An Autonomous Distributed Admission Control Scheme for IEEE 802.11 DCF

TL;DR

This paper introduces BUFFET, a measurement-assisted distributed admission control scheme for IEEE 802.11 DCF that autonomously maintains QoS by predicting WLAN saturation and controlling admission based on real-time measurements.

Contribution

It presents a novel autonomous, measurement-based distributed admission control scheme for 802.11 DCF that adapts to varying data rates and payloads, ensuring QoS without centralized control.

Findings

Ensures average delay under 7ms in simulations

Maintains near-optimal throughput

Adapts to different data rates and payload sizes

Abstract

Admission control as a mechanism for providing QoS requires an accurate description of the requested flow as well as already admitted flows.

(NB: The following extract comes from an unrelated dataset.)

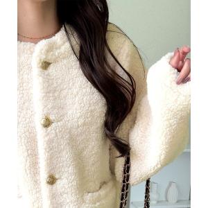 ブルゾン アウター 「mily bilet」リッチ感漂うゴールド釦×ふんわりボアで、羽織るだけで華やかに。エンブレムボタン使いボアジャケット レディー

Since 802.11 WLAN capacity is shared between flows belonging to all stations, admission control requires knowledge of all flows in the WLAN. Further, estimation of the load-dependent WLAN capacity through analytical model requires inputs about channel data rate, payload size and the number of stations. These factors combined point to a centralized admission control whereas for 802.11 DCF it is ideally performed in a distributed manner. The use of measurements from the channel avoids explicit inputs about the state of the channel described above. BUFFET, a model based measurement-assisted distributed admission control scheme for DCF proposed in this paper relies on measurements to derive model inputs and predict WLAN saturation, thereby maintaining average delay within acceptable limits. Being measurement based, it adapts to a combination of data rates and payload sizes, making it completely autonomous and distributed. Performance analysis using OPNET simulations suggests that BUFFET is able to ensure average delay under 7ms at a near-optimal throughput.